Survival in a world of restrictive trade legislation demanded of the colonial merchant and seafarer the utmost resourcefulness and ingenuity. Pre-Revolution fortunes, such as they were, resulted from shrewd assessment and intensive cultivation of the few permissible trades, combined with a liberal dash of privateering and no small amount of judicious lawbreaking.

The fund of commercial stratagem thus acquired was invaluable when the war’s end brought political independence and potential economic ruin. Six months after the Peace of Paris, New York and New England shipping men acted to break the paralysis with which the merchant marine was threatened by the loss of English markets and the aggressive invasion of our transatlantic trade by the other maritime powers of Europe. Their daring departure was to open direct trade with the Far East, heretofore a British preserve.

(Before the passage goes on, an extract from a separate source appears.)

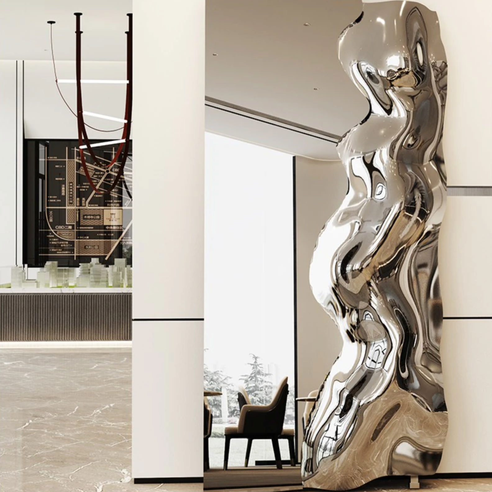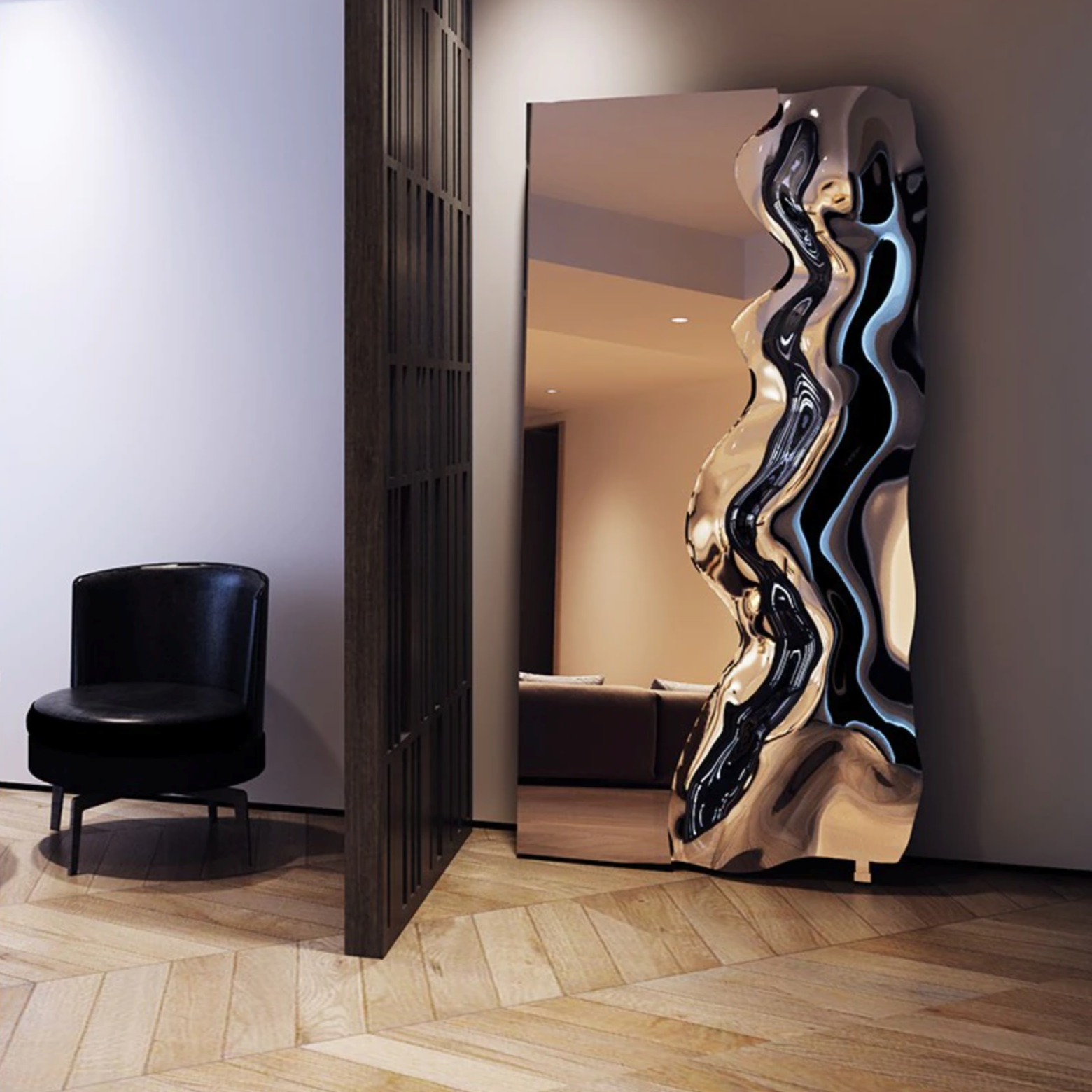 The ArtZ® Stainless Steel Lava Mirror is a statement piece that cannot be missed. This mirror will add a sense of style and uniqueness, to the overall decor of your home or office.

Around the Cape of Good Hope to Canton went the diminutive Empress of China of New York, departing on Washington’s Birthday, 1784. Close behind came the ex-privateer Grand Turk of Salem, already the first American ship to reach the Cape. In 1787 two small Boston ships, the 213-ton Columbia and the 90-ton Lady Washington, sailed together for the relatively unexplored northwest coast of our continent and successfully inaugurated a commercial cycle that put the China trade on a paying basis: trinkets and “trade goods” were exchanged with the coast Indians for seaotter skins, to be traded at Canton for merchandise worth many times the value of the outward cargo. When she returned to Boston in 1790, having left the Lady Washington on the northwest coast, the Columbia became the first American ship to round Cape Horn and to circumnavigate the globe. On her second voyage, she discovered and named the Columbia River.

These and similar accomplishments in ship creation, ship operation, and mercantile expansion were “whole” achievements, in that they created something new and capitalized on it to the full. As a consequence, between 1789 and 1810 American-flag tonnage in overseas trade increased by seven hundred per cent, to nearly a million tons, and the portion of United States foreign commerce carried in United States-registered ships rose swiftly to the ninety per cent level, despite the extraordinary difficulties and perils then besetting any American ship on the high seas.

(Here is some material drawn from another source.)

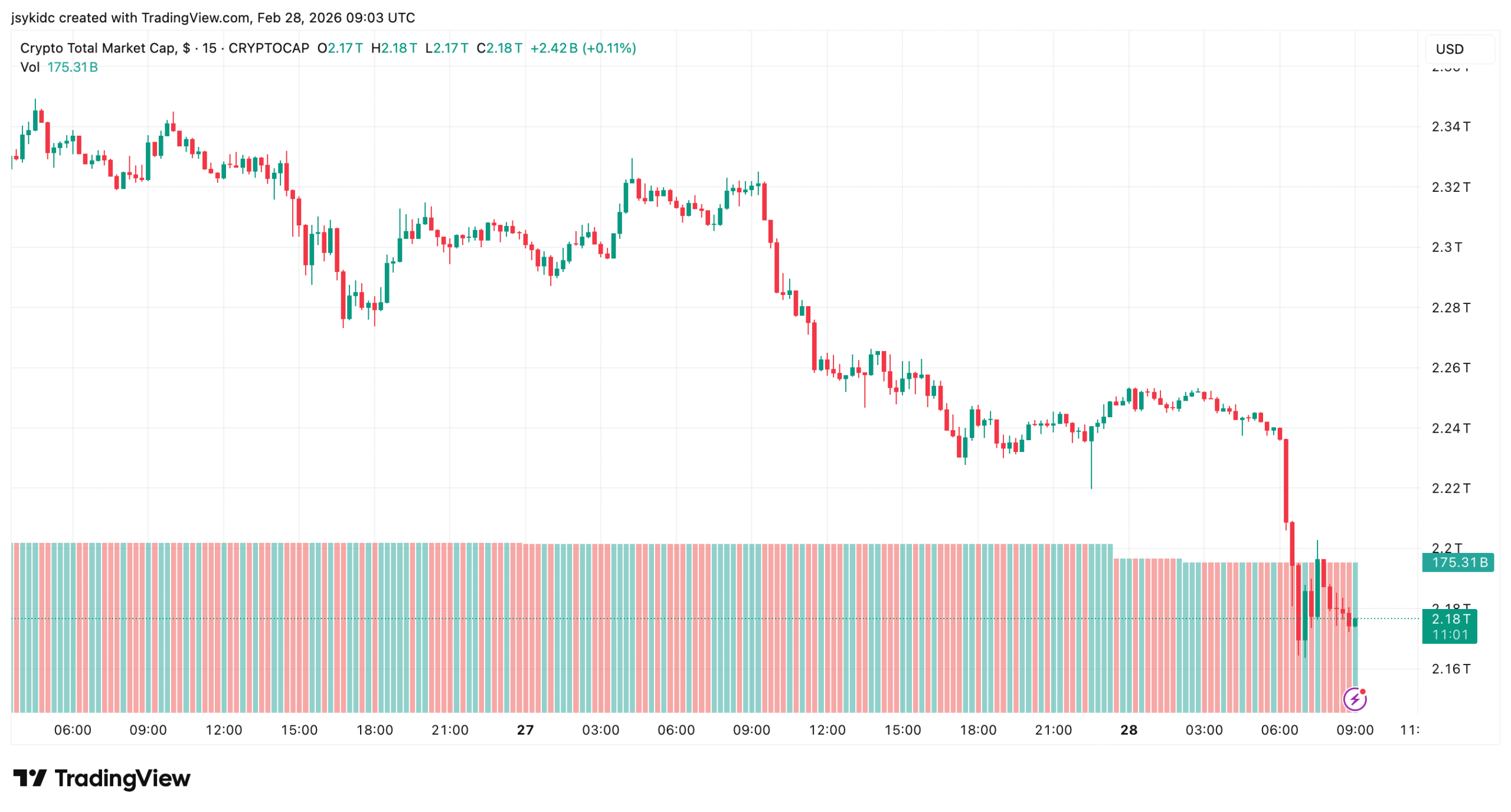 The market has experienced a sharp decline in value after the news of the strike by the US and Israeli missiles in Iran emerged. This has caused global uncertainty, resulting in an immediate sell-off in the market. The total market cap has decreased to $2.21 trillion, down by 5.49% in the past 24 hours.

Columbia was now seriously challenging the claim of her dowager parent to be mistress of the seas. The thesis of this essay is that she could do so only because she had two sound maritime arms, a right which was brilliantly innovative, and a left which was belligerently executive. Her challenge, a major provocation of the War of 1812, would seem vindicated by the war’s outcome; yet, only four years later came the episode of the Savannah and the first sign of that strange and costly withering of the important left arm.

But first it is necessary to note one more spectacular American invention, which was brilliantly followed up. On a snowy Monday, January 5, 1818, the James Monroe, a somewhat “sharp-built” but otherwise not unusual square-rigged ship of 424 tons, sailed from New York for Liverpool. She was the newest and largest in “a regular succession” of four ships between those ports, as announced by her New York proprietors. Their enterprise is known to history and balladry as the Black Ball Line, and it set the pattern of ship operation that has precedence in the American merchant marine to this day.

What distinguished the James Monroe—and made her voyage such a gamble for her owners—was that she had sailed at a scheduled time, announced over two months before. Moreover, she sailed with a cargo that filled only about three-fourths of her capacity, in a day when “full and down” was the first imperative, no matter how long a ship lay in port awaiting the last ton of cargo. Her passengers had been offered special inducements in the way of accommodation and sustenance, after centuries in which ocean travel had been an ordeal to be avoided. Finally, though her owners could not have known this as she passed Sandy Hook, Captain Watkinson would “drive” his ship to Liverpool in twenty-eight days, twelve days less than the time of most other ships then sailing the route.